Required work: Instruction for the listing below: copy exactly, and only, the lines from the one holding "Add water and" through its last line, omitting any picture.

Information supplied:
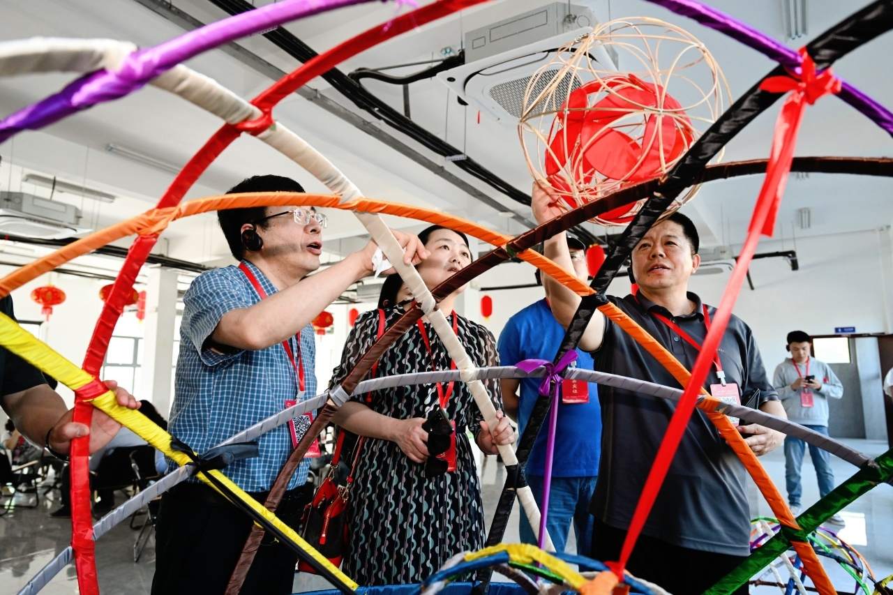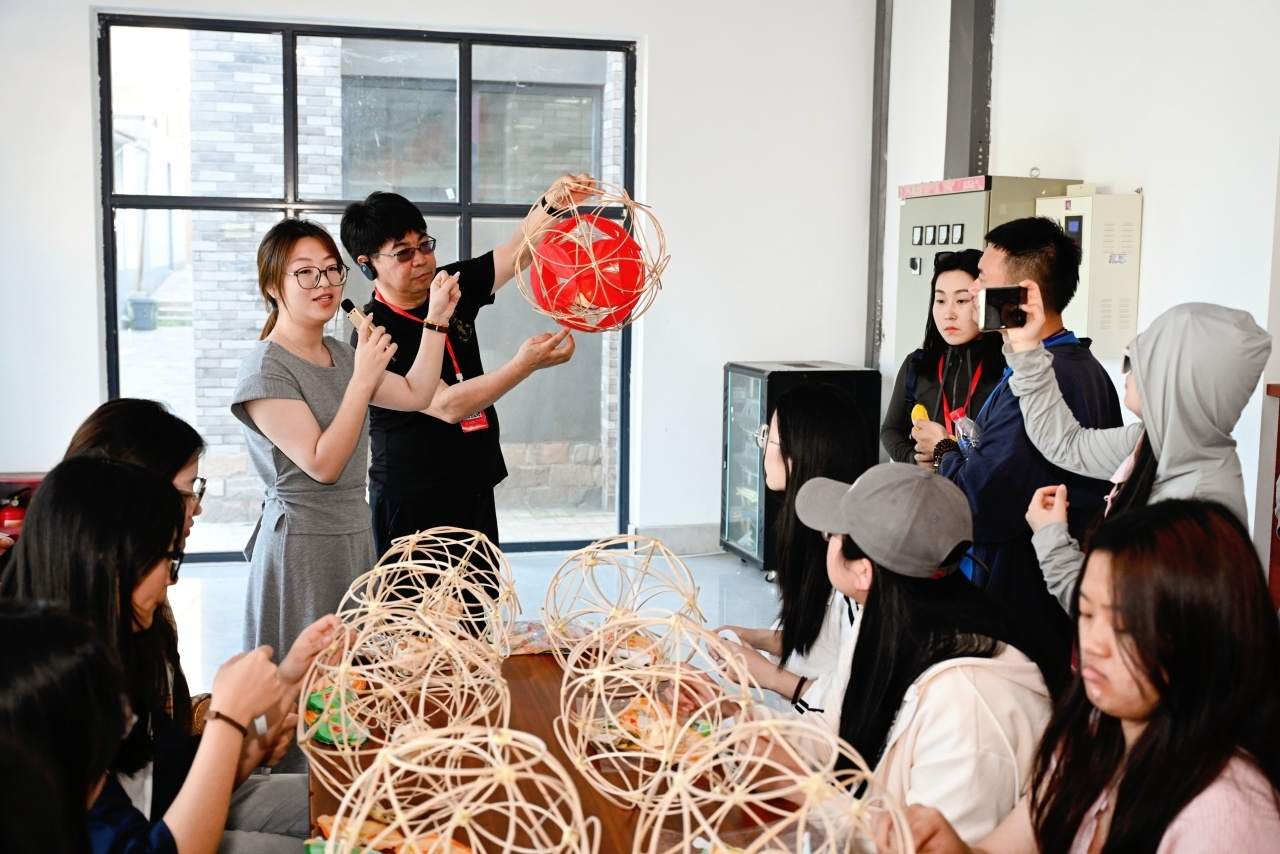 在“滾燈”文化公園,記者團親身感受了一把“潮鄉(xiāng)”的“滾燈”藝術(shù)的魅力?!皾L燈”源自江南一帶的民間節(jié)日慶典,融合了舞蹈、技巧與體育精髓,愛好者展示給記者們的金港村“滾燈”,其制作工藝之考究讓大伙都嘖嘖贊嘆。
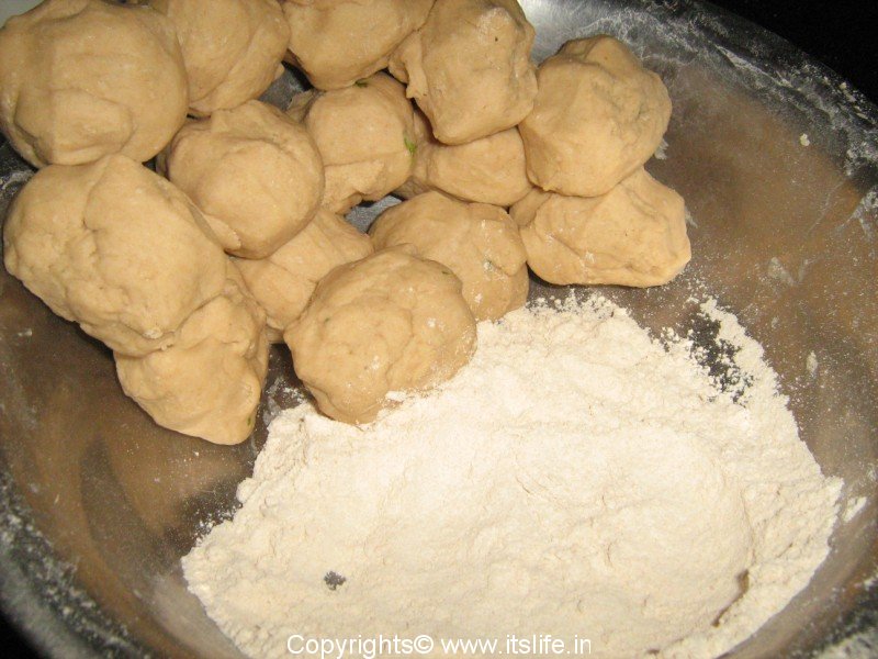 Add water and salt to Wheat flour and knead to a dough. Divide into balls.
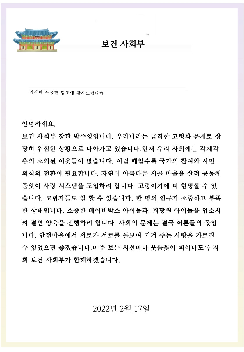 "응 저번에 말한 국가 시범 복지 사업하는 곳"
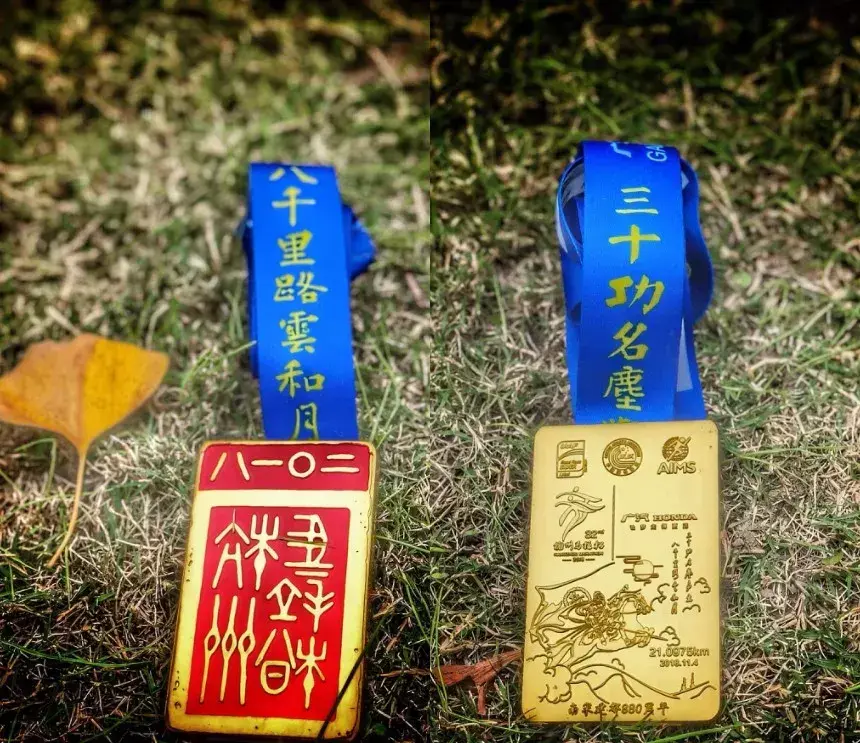 奖牌不仅象征着荣耀,在很长一段时间内,跑马拉松只是少数精英跑者才敢尝试的运动。所以,当你决定去征服它的时候,你已经拥有了无上的勇气,你拿到的奖牌是赐予勇者的勋章。独具匠心的设计也能让你在跑完之后激动、兴奋好一阵子,甚至要咬着奖牌拍照。多年后当你再度回首时,依旧回味无穷!

Your solution:
 Add water and salt to Wheat flour and knead to a dough. Divide into balls.
 "응 저번에 말한 국가 시범 복지 사업하는 곳"
 奖牌不仅象征着荣耀,在很长一段时间内,跑马拉松只是少数精英跑者才敢尝试的运动。所以,当你决定去征服它的时候,你已经拥有了无上的勇气,你拿到的奖牌是赐予勇者的勋章。独具匠心的设计也能让你在跑完之后激动、兴奋好一阵子,甚至要咬着奖牌拍照。多年后当你再度回首时,依旧回味无穷!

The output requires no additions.